Jamie Russell

Personal information
- Born: 23 April 1952 (age 74) Niagara Falls, Ontario, Canada
- Listed height: 6 ft 7 in (2.01 m)

Career information
- High school: Nelson High School (Burlington, Ontario)
- College: Colgate University (1971–1975) University of Waterloo (1975-76)
- Position: Power forward
- Number: 11

Career highlights
- CIAU Player of the Year (1976); CIAU First Team All-Canadian (1976); OUAA All-star (1976); OUAA Tournament MVP (1976);

= Jamie Russell =

Canadian basketball player and surgeon

James Russell (born 23 April 1952) is a Canadian basketball player, Olympian and a surgeon. His accomplishments include being the youngest starter for the Canadian men's national basketball team, performing well for Canada in multiple international tournaments, and being named the Canadian university ("CIAU") MVP in 1976. After his basketball career, Russell distinguished himself in the field of general surgery.

==International career==
Russell played for the Canadian national team from 1972 to 1979. At age 20, he was the youngest starter for the national team.

Russell represented Canada in the 1976 Olympic games. Canada performed well in these Olympics, finishing fourth overall. This and the 1984 Olympics constitute the only occasions in the last 90 years in which Canada has competed for an Olympic medal in basketball. Russell performed well in this tournament, being Canada's 4th leading scorer with 10 ppg and Canada's third leading rebounder with 5 rbg.

Russell represented Canada in many additional international tournaments. Russell played in the 1972 Pre-Olympic Tournament where he was Canada's fourth leading scorer. Russell then competed in the 1973 World Student Games, where Canada finished fourth overall. Russell also competed in the 1974 FIBA World Championship where he performed particularly well, being Canada's leading scorer with 14 ppg.

Russell also participated in the 1975 Intercontinental Cup. In this tournament, Canada achieved its first win against the Soviet Union in basketball, with Russell leading Canada with 26 points.

Russell played in the 1975 Pan American Games and then in the 1977 World Student Games, where Canada finished fourth.
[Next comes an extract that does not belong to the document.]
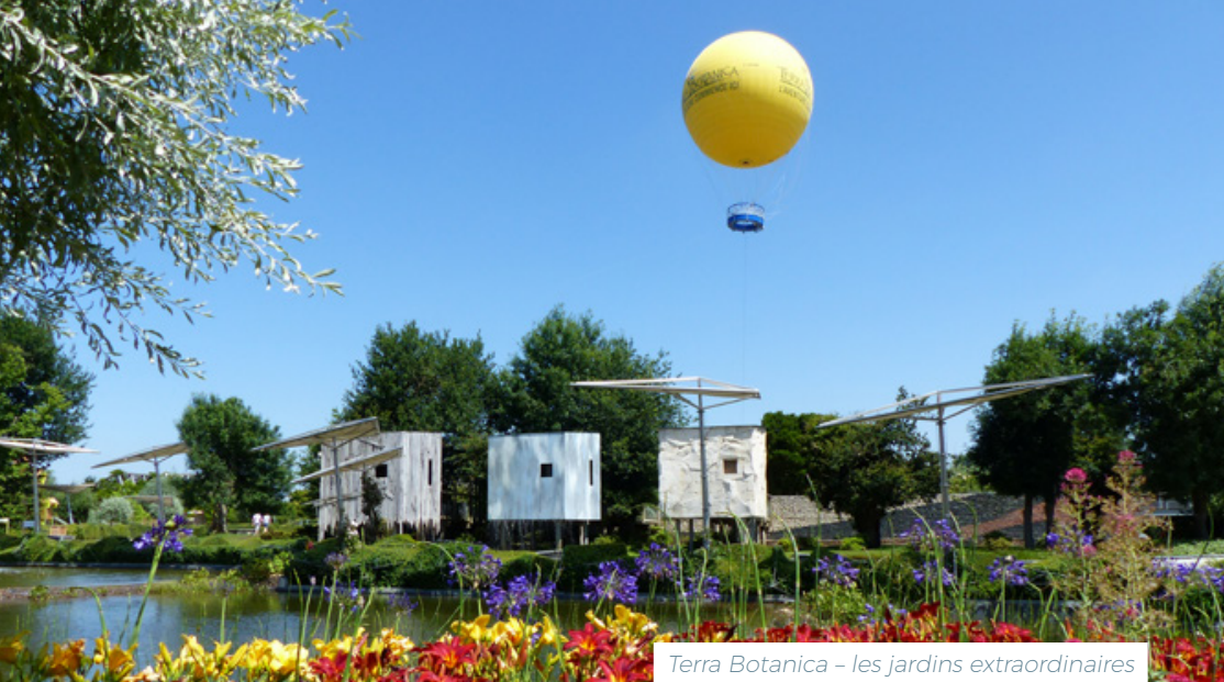
Terra Botanica – les jardins extraordinaires

Russell also competed in the 1978 FIBA World Championship where Canada finished 6th overall, with Russell being Canada's fourth leading scorer with 8.9 ppg.

==University==
Before university, Russell played for Burlington Nelson High School, where he led the team to its first provincial championship.

Russell played for Colgate University from 1971-1975, where he was a starter for three years. Colgate is one of the most selective universities in the United States, which required strong academic performance by Russell prior to admission. Russell led the team in rebounds in each of his seasons at Colgate. In his freshman year, Russell averaged 22 points per game with a 63.7% field goal percentage. In his final season with Colgate, he was co-captain. During his time at Colgate, he scored 927 points and recorded 463 rebounds with a 52% field goal percentage.

In the 1975-76 season, Russell played a 5th year at the University of Waterloo. In 1976, Russell received the inaugural Mike Moser award as the CIAU male basketball player of the year. This year, he was also named a CIAU First Team All-Canadian, Ontario Universities Athletics Association ("OUAA") All-star and as the OUAA tournament MVP.

In this 1975-76 season, Russell led the Waterloo Warriors to a third-place finish in the CIAU tournament. He averaged 23.9 ppg, 10.3 rebounds per game with a 51.8% field goal percentage. He was also named as the MVP of the Naismith Classic as well as the Waterloo team MVP.

After his university career and while playing for the national team, Russell served as an assistant coach at McMaster University from 1976-78.

==Professional/Semi-Pro==
From 1976-82 and then from 1987–91, Russell was captain of the Toronto Estonia team in the Canada Senior Men's League, where he won 10 Ontario Basketball Association championships and two Canadian league championships.

==Post-career recognition==
Russell has been inducted into the Canada Basketball Hall of Fame (2000), the Ontario Basketball Hall of Fame (2019), the Colgate University Athletic Hall of Honor (1980) and the city of Burlington Sports Hall of Fame (2016). Also, the 1976 men's national team of which he was part was inducted into the Canada Basketball Hall of Fame (2007).

==Medical career==
Russell received his medical degree from McMaster University in 1979. He served as assistant coach at McMaster while completing his studies. He completed his residency at McMaster and his fellowship in surgery/critical care medicine at the Maryland Institute for Emergency Medical Services. He is board certified by the American College of Surgeons in Surgery and Surgical Care, a Fellow of the American College of Surgeon, a member of the American Society of General Surgeons and an instructor in Advanced Trauma and Life Support. He is also a clinical assistant professor at the University of Arizona.

==Personal life==
Russell was born and raised in Burlington, Ontario on 23 April 1952.